Стояла первая неделя сентября, первая неделя занятий, и впервые за тридцать пять непрерывных лет в университете не было аудитории, где бы жда­ли появления Морри. Бостон заполнили студенты: что ни улица, то разгружаемый грузовик. А Морри в это время сидел у себя в кабинете, и это казалось несправедливым, словно профессор был ушедшим на покой футболистом, и вот в первое воскресенье на пенсии он сидит перед телевизором и думает: «А ведь я еще мог бы как они». По опыту знаю, что, как только начинается новый чемпионат, луч­ше их не трогать. И ничего не говорить. Но мне не нужно было напоминать Морри об истекающем времени.

Теперь в наших записываемых на пленку бесе­дах мы пользовались не обычным микрофоном — Морри не мог держать его подолгу, — а малень­ким, таким, как журналисты на телевидении при­крепляют к воротнику или лацкану пиджака. Но так как Морри носил только мягкие рубашки из хлопка, свободно на нем болтавшиеся, микрофон то и дело накренялся и переворачивался, и мне приходилось его поправлять. Морри, похоже, это очень нравилось, поскольку я оказывался совсем близко. А его потребность в физическом ощуще­нии любви стала сильнее прежнего.

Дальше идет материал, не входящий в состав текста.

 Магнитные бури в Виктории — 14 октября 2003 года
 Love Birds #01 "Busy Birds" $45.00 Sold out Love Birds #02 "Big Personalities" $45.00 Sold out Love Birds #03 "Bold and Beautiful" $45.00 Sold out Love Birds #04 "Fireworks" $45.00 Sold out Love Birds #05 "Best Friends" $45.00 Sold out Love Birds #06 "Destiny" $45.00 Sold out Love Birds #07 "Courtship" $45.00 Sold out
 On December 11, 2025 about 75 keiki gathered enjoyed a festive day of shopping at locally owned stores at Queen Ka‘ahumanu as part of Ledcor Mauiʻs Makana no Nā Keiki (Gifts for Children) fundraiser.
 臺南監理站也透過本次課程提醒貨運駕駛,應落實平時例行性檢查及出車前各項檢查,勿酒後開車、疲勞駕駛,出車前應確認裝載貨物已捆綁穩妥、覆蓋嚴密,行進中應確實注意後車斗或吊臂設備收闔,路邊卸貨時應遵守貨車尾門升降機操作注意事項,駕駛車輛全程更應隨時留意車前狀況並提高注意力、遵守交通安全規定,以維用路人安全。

Наклоняясь к профессору, я слышал его свистящее дыхание, ти­хое покашливание и легкое причмокивание губ пе­ред тем, как сглотнуть.

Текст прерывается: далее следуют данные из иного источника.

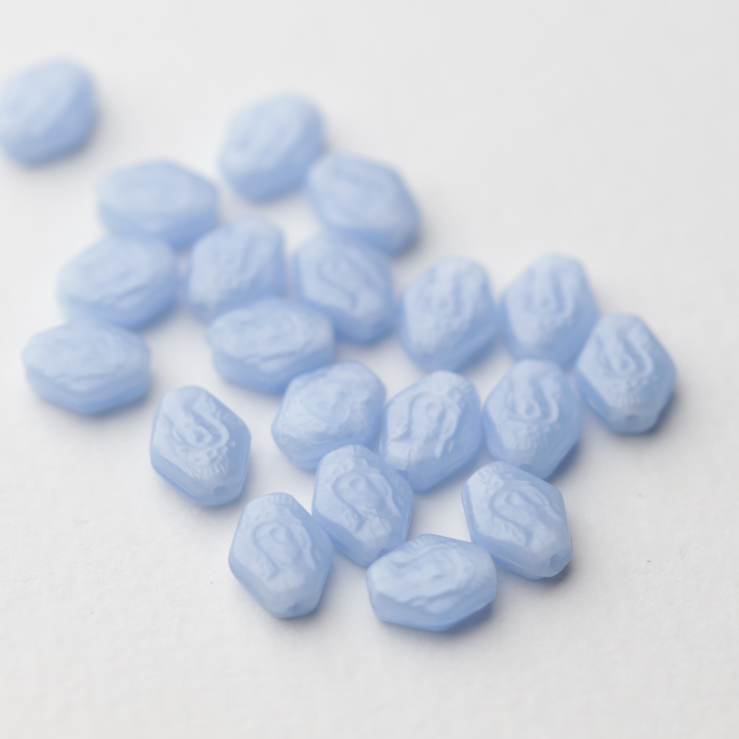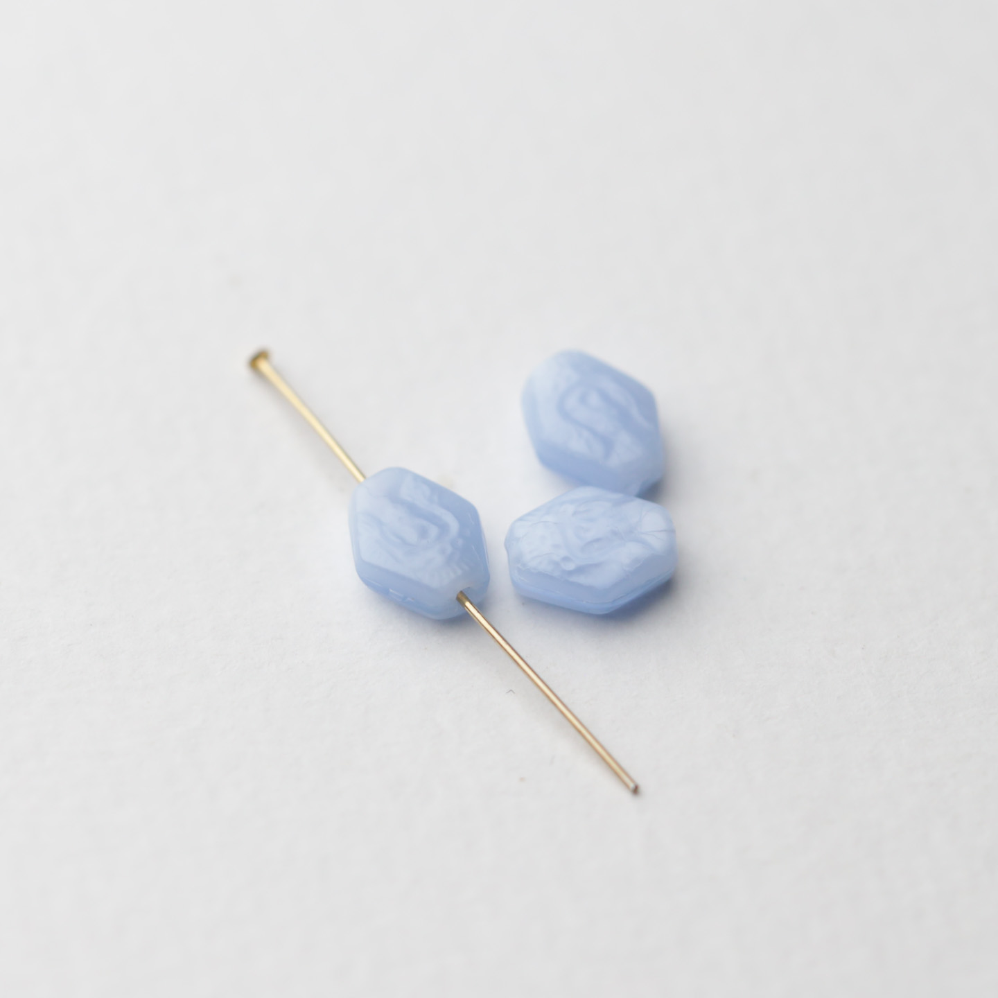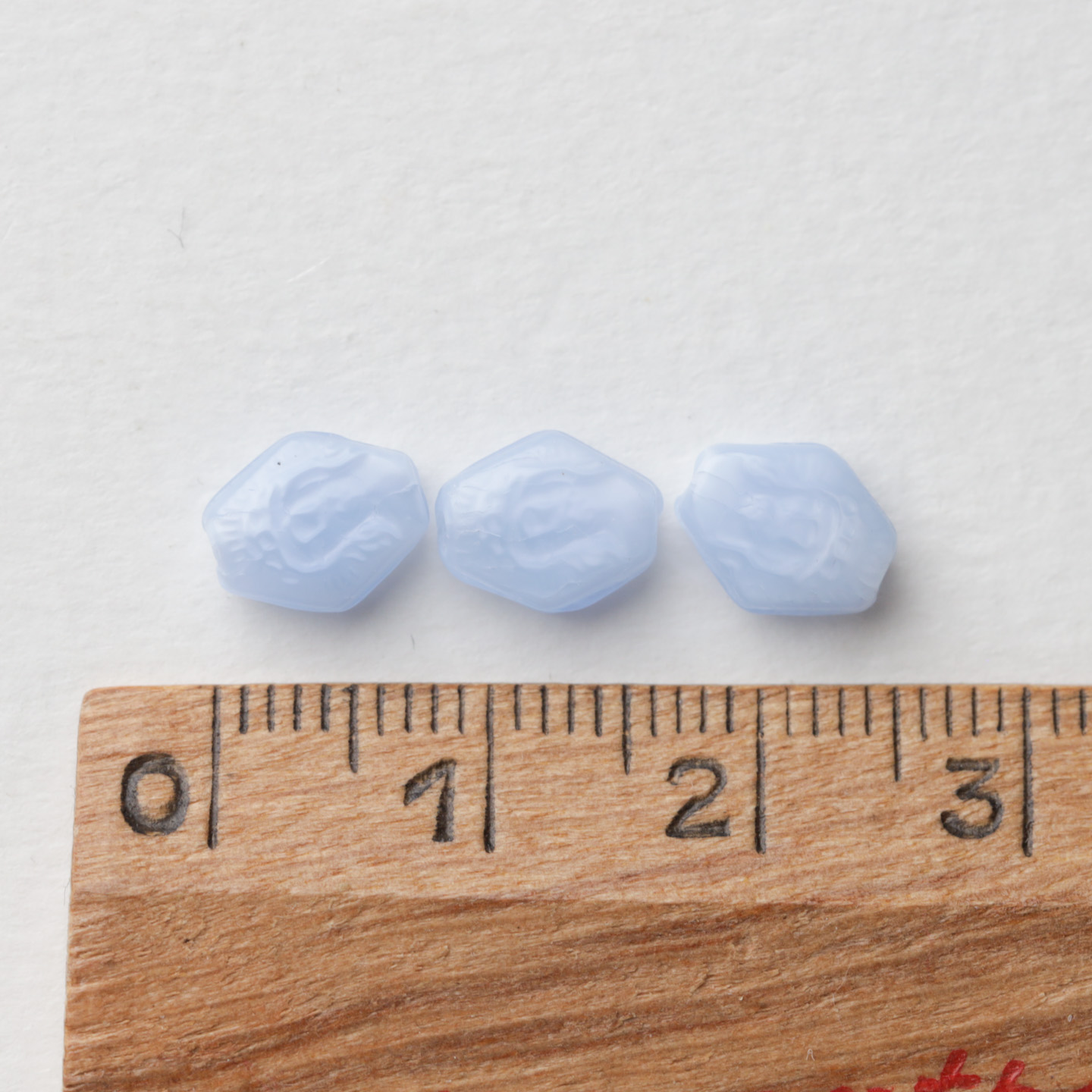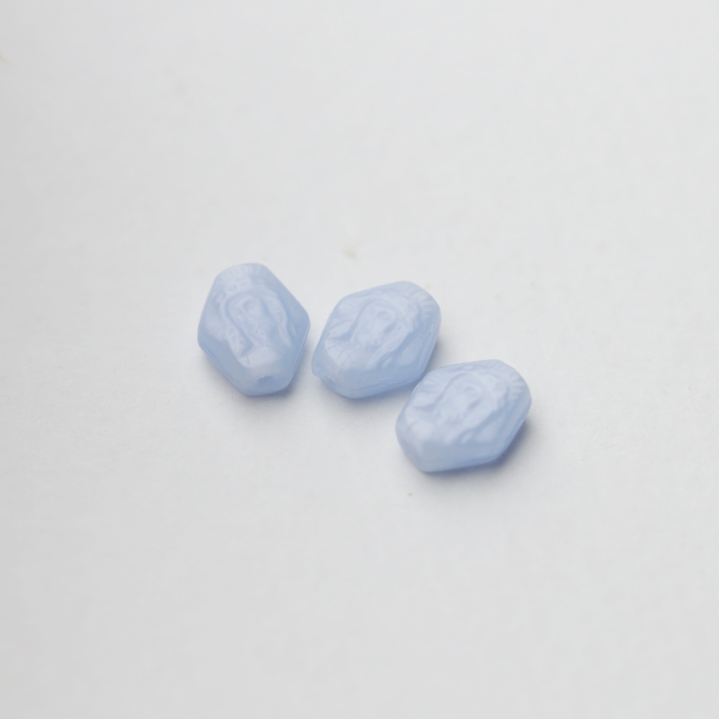 フランスからやってきたヴィンテージガラスビーズ。 こちらは1920〜40年代頃にチェコまたはフランスで作られたようです。 サイズは約8×7mmです。 よく見ると後光の差した聖人像のようです。 ロザリオなど宗教的な目的で使用するために作られたと思われる珍しいお品です。 小さなお守りにいかがでしょう。 古いものなので大きさや形の相違や色ムラがあります。 10個セットのお値段です。

— Ну, друг мой, — сказал Морри, — о чем мы будем говорить сегодня?

— Давайте поговорим о семье.

— О семье. — Морри на мгновение задумал­ся. — Моя вот тут, как видишь, рядом со мной, — Он кивнул в сторону фотографий на книжных пол­ках: маленький Морри с бабушкой, молодой Мор­ри с братом Дэвидом, Морри с женой Шарлоттой, Морри с сыновьями: Робом, журналистом, работа­ющим в Токио, и Ионом, специалистом по компью­терам, живущим в Бостоне. — Я думаю, в свете того, о чем мы говорили в прошлые недели, значе­ние семьи кажется важнее, чем когда-либо, — ска­зал Морри. — Дело в том, что в наши дни, помимо семьи, нет иной надежной опоры. Во время моей болезни это стало для меня совершенно ясно. Если у тебя нет любви, поддержки и заботы семьи, тебе почти не на что рассчитывать. Нет ничего выше любви. Как сказал наш замечательный поэт Оден**: «Любите друг друга — иль погибните вы».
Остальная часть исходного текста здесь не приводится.